January 7th, 2011 Kepa Junkera No comments

Published in DEIA, Dec. 30, 2010

Denisov  - foto EFEMany times, what seems to us an ancestral ritual result to be a story that has nothing to do with what we believed, and what seem to be for many, ignorance, passions me, which converts the past into a true mystery to discover.

Continuing with this thought I would like to highlight the discovery made by a group of scientists a very special hominid’s cadaver in Denisov, south of Siberia, Russia. Thanks to an exhaustive DNA analysis they can firm that this specie, that lived more than 30,000 years ago, totally unknown for us. As of today it was thought that there were only two types of hominids: The Neanderthal and the modern humans. But thanks to this discovery it has been demonstrated that, at least, they were three. They have named Denisova to this new sort of hominid. The Denisova is a far lost cousin of the former Neanderthal, revolutionizing all the theories on our origin as species. Tomás Marques Bonet, a Spanish scientist that has taken part in this project, affirms: “Till last year it was said that the modern humans got to Europe and exterminated the Neanderthals, from now on there will be a change in the way of understanding the human evolution.”

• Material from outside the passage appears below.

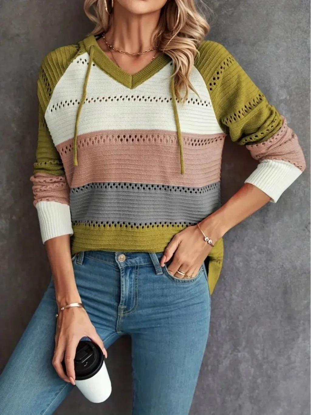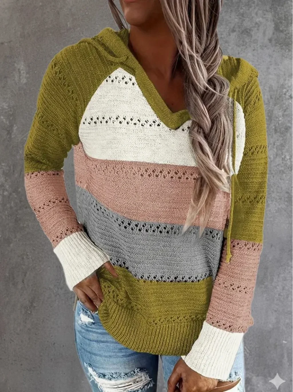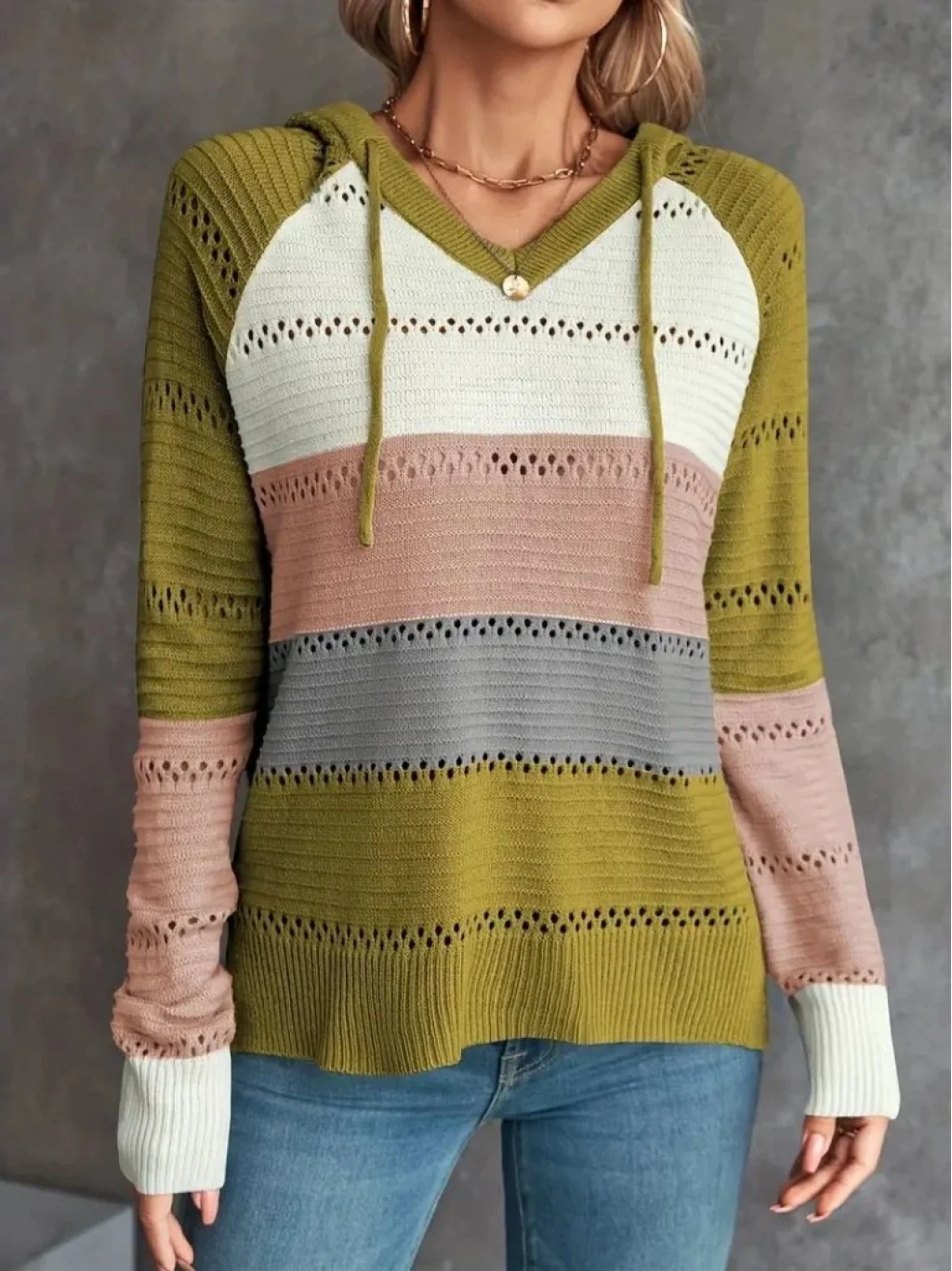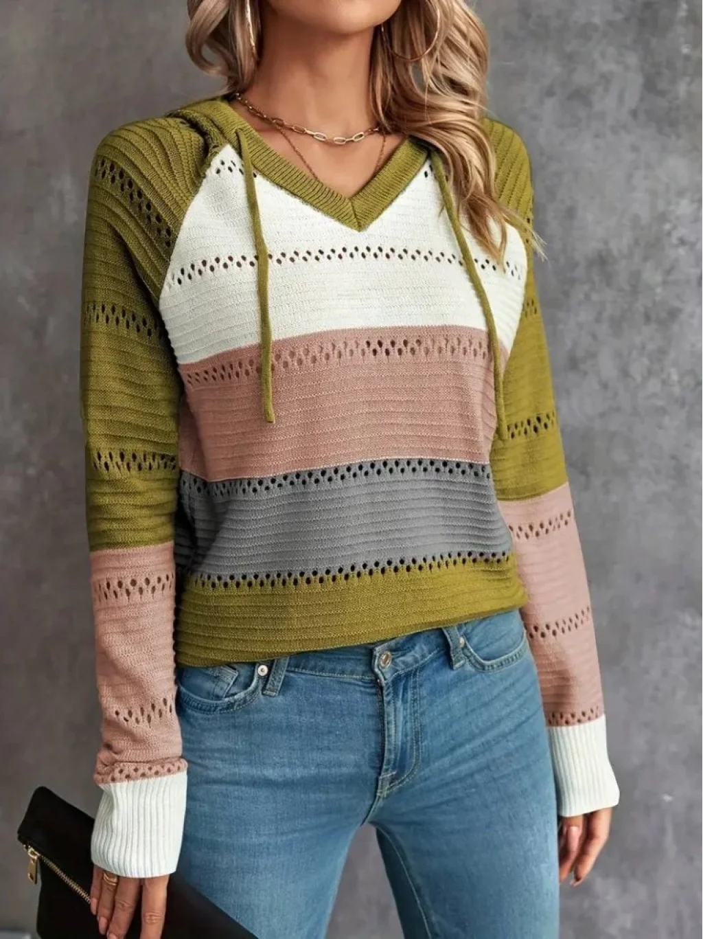Kadın Uzun Kollu V Yakalı Bağcıklı Kapşonlu Triko Bluz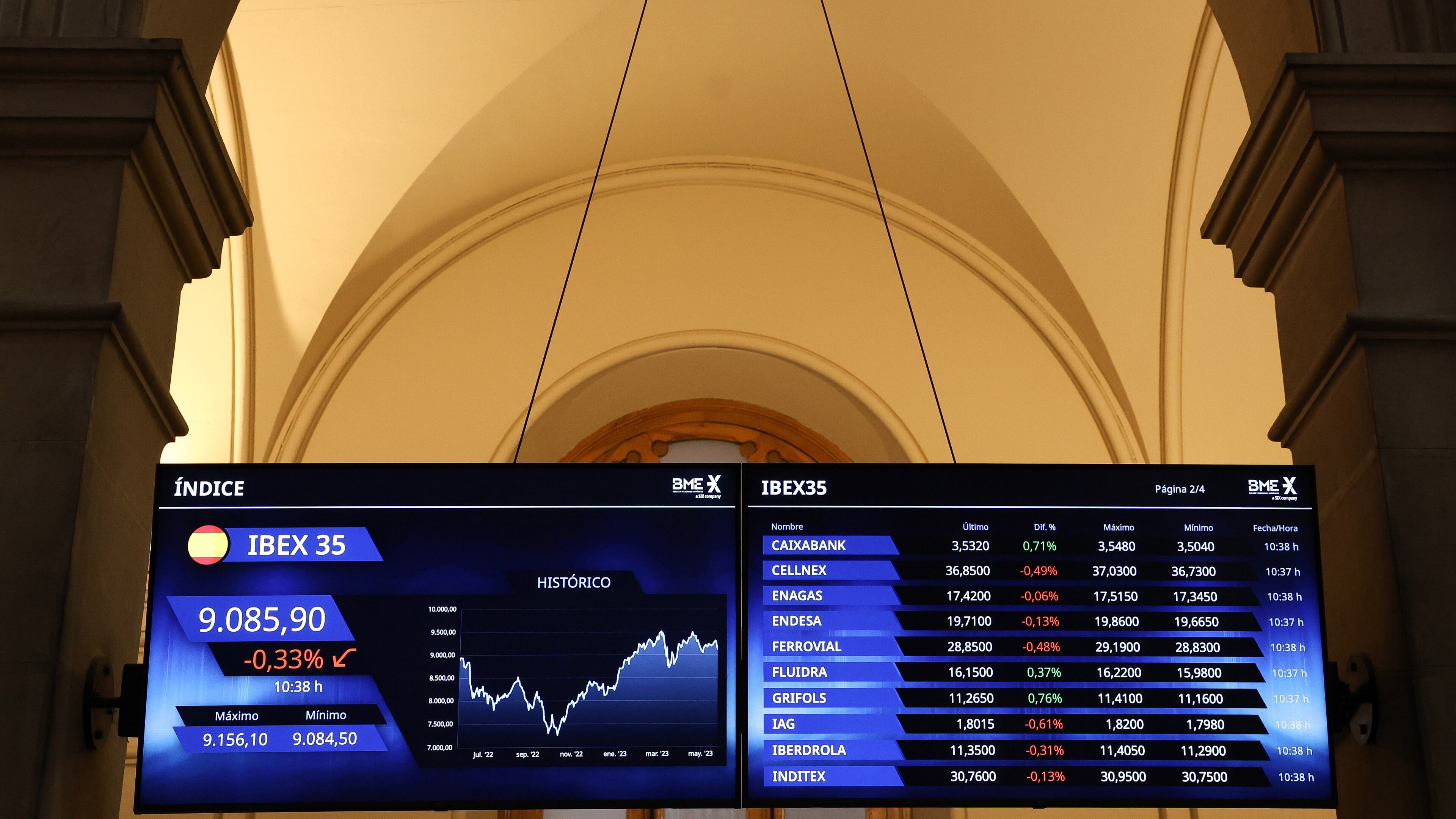 En los primeros compases de esta sesión, las mayores subidas dentro del Ibex 35 se las anotaban Cellnex Telecom (+1,1%), Banco de Sabadell (+0,92%), Solaria (+0,91%), y Acciona (+0,74%), mientras que en el lado contrario los 'farolillos rojos' eran Logista (-1,47%), ArcelorMittal (-0,89%) y Telefónica (-0,60%).

An example that proves that we can never take anything for known and that only the human stupidity can think that we already know everything, because there are always things to discover.  Who knows if in the future there will be unforgotten main characters that neither could we imagine the transcendence that they had in history? Right now we are living some celebrations that in reality come from pagan rituals where the solstice of winter and the victory of the light over darkness were celebrated. As you see, even what we think is real can keep a mystery turning our lives into something fascinating, embellished by the unknown. I hope that this 2011 many of our dreams can be reached within our hands. The rest belongs to us, a mystery. Urte berrion!!!